Sun Sep 16 19:13:14 BST 2007

On Sun, Sep 16, 2007 at 11:52:20PM +0800, Yung-chung Lin wrote:
> And what is your opinion of using Xapian::Weight to calculate document
> similarity?

Xapian::Weight is set up to score a single document by adding scores
from a set of terms (plus an optional contribution which depends only on
the document length), whereas here we want a score from a pair of
documents.  So I think you'd have to convert one of the documents to a
list of all the terms in it, which seems artificial.

And it seems legitimate to allow clustering using document values (e.g.
you might store geographical coordinates in a document value and cluster
by location), which doesn't fit with Xapian::Weight.

So I think a class which provides a similarity measure given two
Xapian::Document objects is probably the answer.

> > > Now, I am using MultiDSet to store documents.

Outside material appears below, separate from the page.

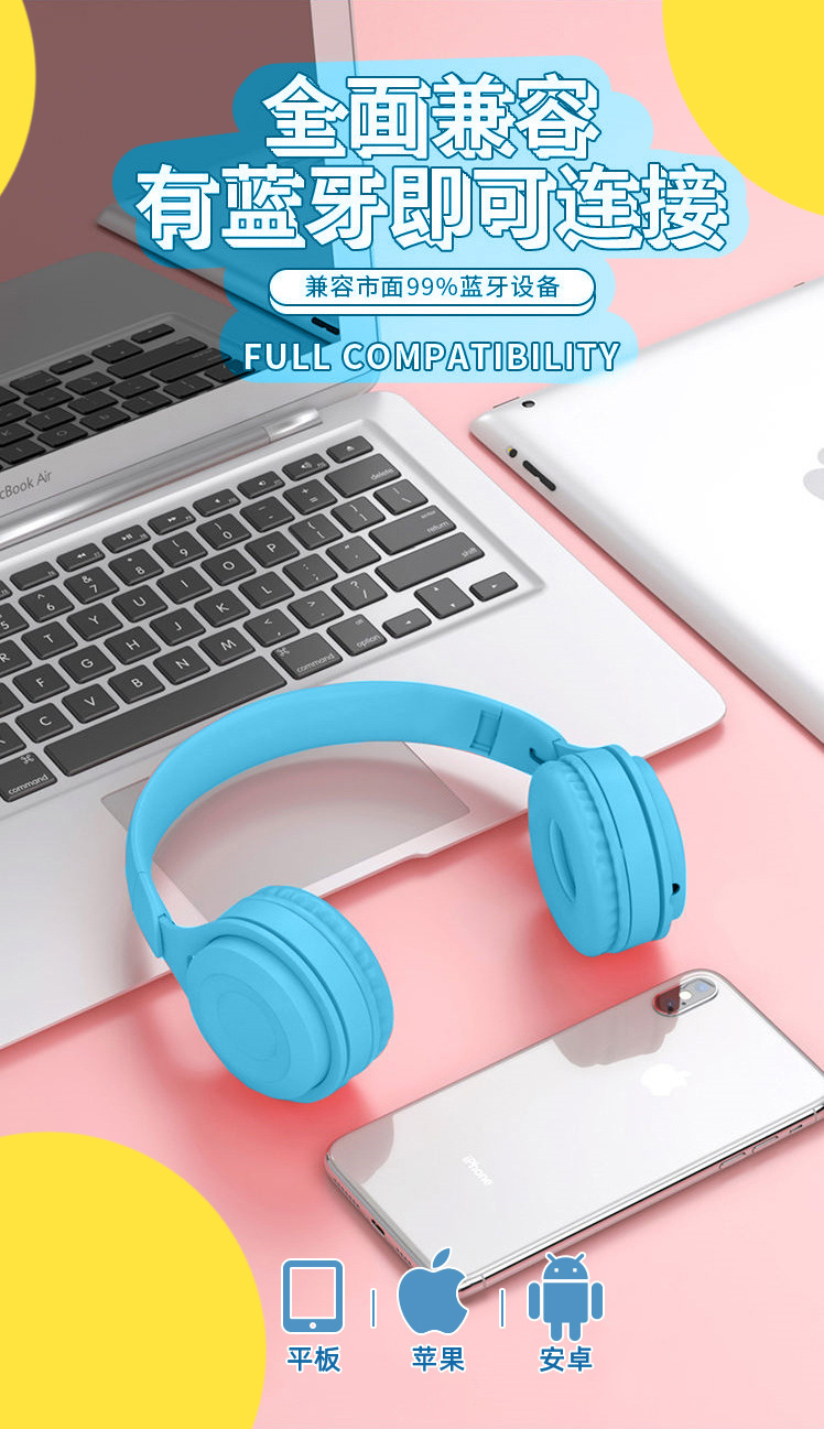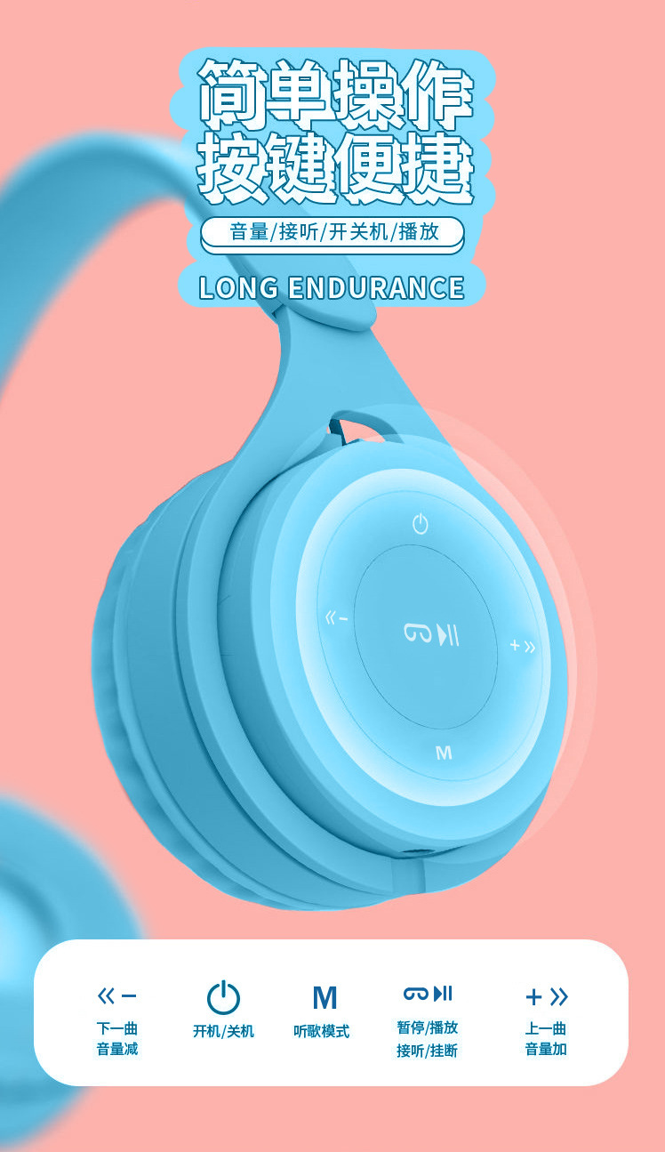 인기 마카롱 헤드 장착형 블루투스 헤드셋 만화 어린이 학생 Y08 선물 모바일 게임 헤드셋 헤드셋

I am thinking if it
> > > would better if it returns multiple MSets, MultiMset, but the design
> > > will be different and more complicated.
> >
> > I think I need to mull over how this would all be used.  Reusing MSet
> > would be nice if it's a good fit, since adding more API classes tends to
> > make it harder to learn the API, so it's good if it can be avoided.  But
> > forcing reuse where something isn't a natural fit would be worse.
> 
> I just gave it a thought and my simple and non-intrusive idea is to
> specify clustering algorithm when using Xapian::Enquire and to
> associate each MSetItem with a cluster id, which would resemble:
> 
>   Enquire enq;
>   ClusterSingleLinkage cluster_algorithm;
>   enq.set_clustering_method(cluster_algorithm);
>   MSet matches = enq.get_mset(1, 10);
>   cout << matches.get_cluster_count() << endl;
>   for (MSetIterator miter = matches.begin(); miter != matches.end(); ++miter) {
>       cout << "Document " << *miter << " is in cluster "
>               << miter->get_cluster_id() << endl;
>   }
> 
> And let API users do what they want to do with the clusters.

Yes, that seems a very nice approach.  It also more naturally allows the
possibility of using document similarity to eliminate near-duplicates -
to do that efficiently you want to do it as matches are generated so
that you can stop when you have enough in the MSet.

It wouldn't allow generating of different clusters of the same results
(without rerunning the search) but that doesn't seem like it's likely to
be an annoying limitation.

Cheers,
    Olly